● **RECORDS FOR PROCESSING**
►

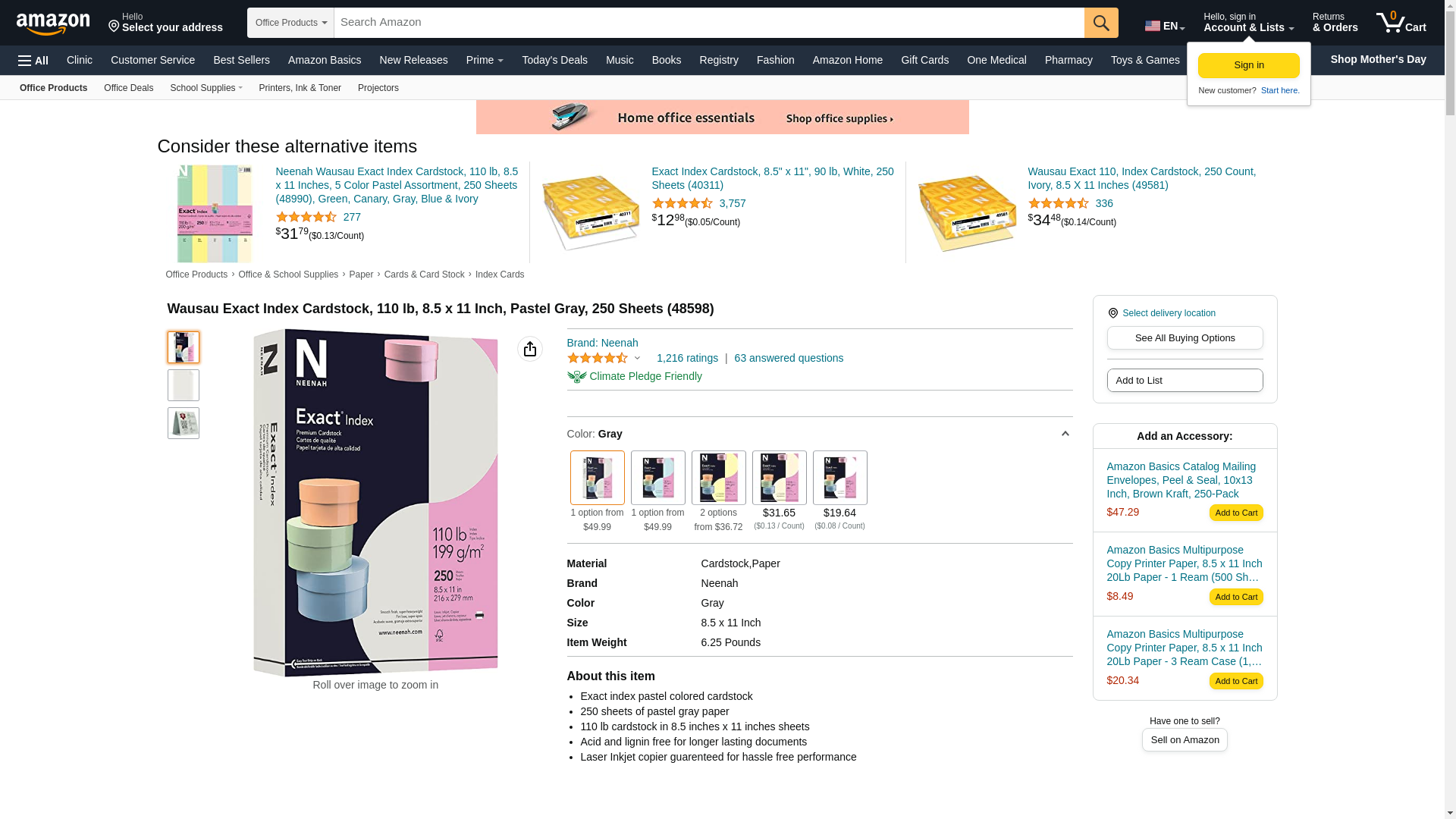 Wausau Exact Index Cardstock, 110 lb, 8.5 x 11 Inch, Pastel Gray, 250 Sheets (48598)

◄
►

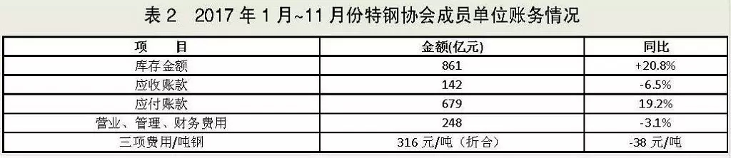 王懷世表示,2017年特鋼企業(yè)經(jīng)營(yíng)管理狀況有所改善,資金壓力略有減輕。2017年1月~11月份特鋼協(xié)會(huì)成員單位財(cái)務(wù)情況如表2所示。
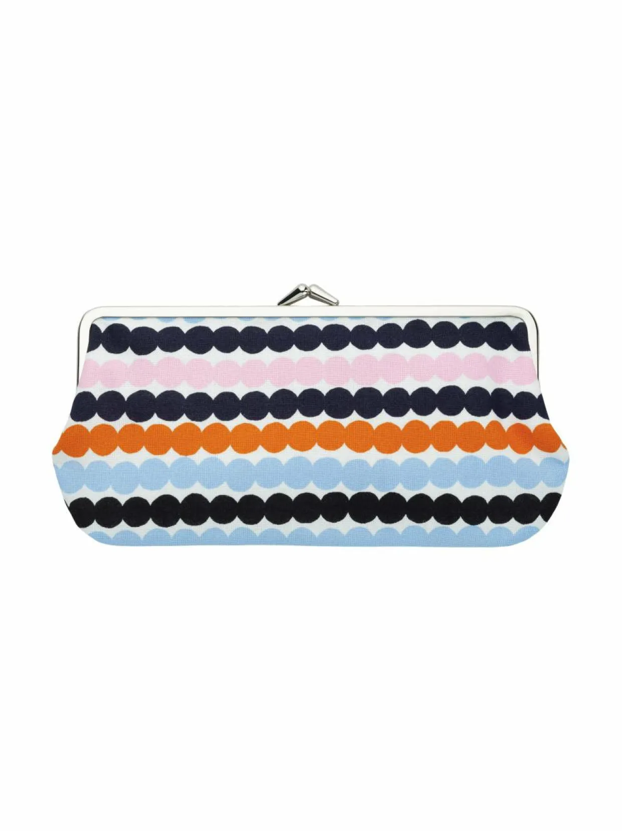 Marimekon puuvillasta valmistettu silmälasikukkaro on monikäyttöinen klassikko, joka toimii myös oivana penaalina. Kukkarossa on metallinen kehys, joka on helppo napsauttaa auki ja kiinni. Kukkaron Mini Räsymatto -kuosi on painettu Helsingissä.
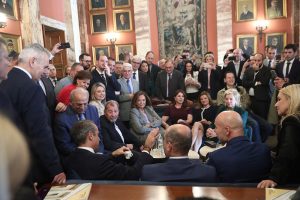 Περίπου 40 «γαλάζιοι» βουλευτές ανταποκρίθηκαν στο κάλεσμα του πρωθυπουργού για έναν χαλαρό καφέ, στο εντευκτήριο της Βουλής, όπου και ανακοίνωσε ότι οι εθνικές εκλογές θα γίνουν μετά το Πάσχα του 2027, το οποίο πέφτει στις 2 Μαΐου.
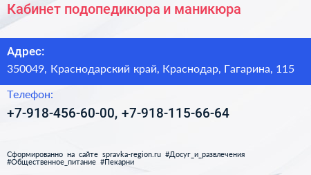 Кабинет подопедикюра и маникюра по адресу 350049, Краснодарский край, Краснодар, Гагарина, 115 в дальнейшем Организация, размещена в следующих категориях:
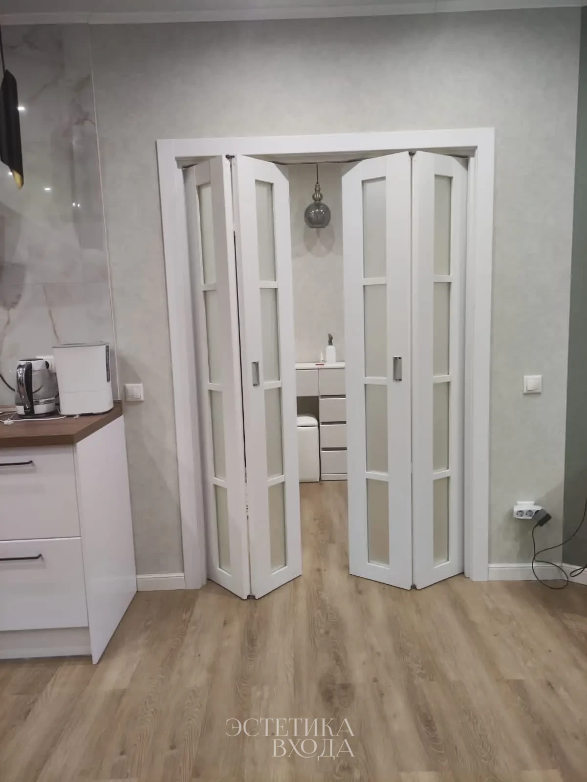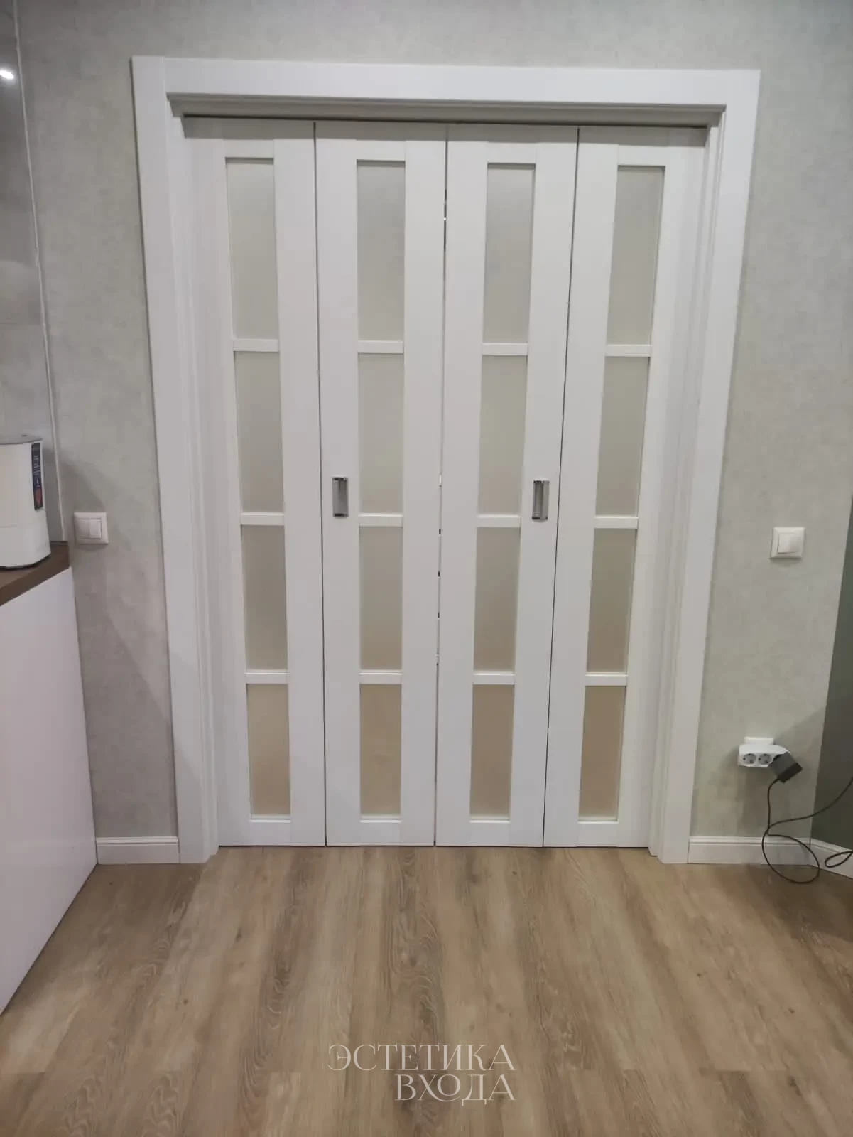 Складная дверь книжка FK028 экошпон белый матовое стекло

◄

● **PROBLEM STATEMENT**
Within the material above, only the stretch from the line holding "王懷世表示,2017年特鋼企" through the line holding "Складная дверь книжка" is to be restated exactly. Pictures are dropped.

● **SOLVED EXERCISE**
 王懷世表示,2017年特鋼企業(yè)經(jīng)營(yíng)管理狀況有所改善,資金壓力略有減輕。2017年1月~11月份特鋼協(xié)會(huì)成員單位財(cái)務(wù)情況如表2所示。
 Marimekon puuvillasta valmistettu silmälasikukkaro on monikäyttöinen klassikko, joka toimii myös oivana penaalina. Kukkarossa on metallinen kehys, joka on helppo napsauttaa auki ja kiinni. Kukkaron Mini Räsymatto -kuosi on painettu Helsingissä.
 Περίπου 40 «γαλάζιοι» βουλευτές ανταποκρίθηκαν στο κάλεσμα του πρωθυπουργού για έναν χαλαρό καφέ, στο εντευκτήριο της Βουλής, όπου και ανακοίνωσε ότι οι εθνικές εκλογές θα γίνουν μετά το Πάσχα του 2027, το οποίο πέφτει στις 2 Μαΐου.
 Кабинет подопедикюра и маникюра по адресу 350049, Краснодарский край, Краснодар, Гагарина, 115 в дальнейшем Организация, размещена в следующих категориях:
 Складная дверь книжка FK028 экошпон белый матовое стекло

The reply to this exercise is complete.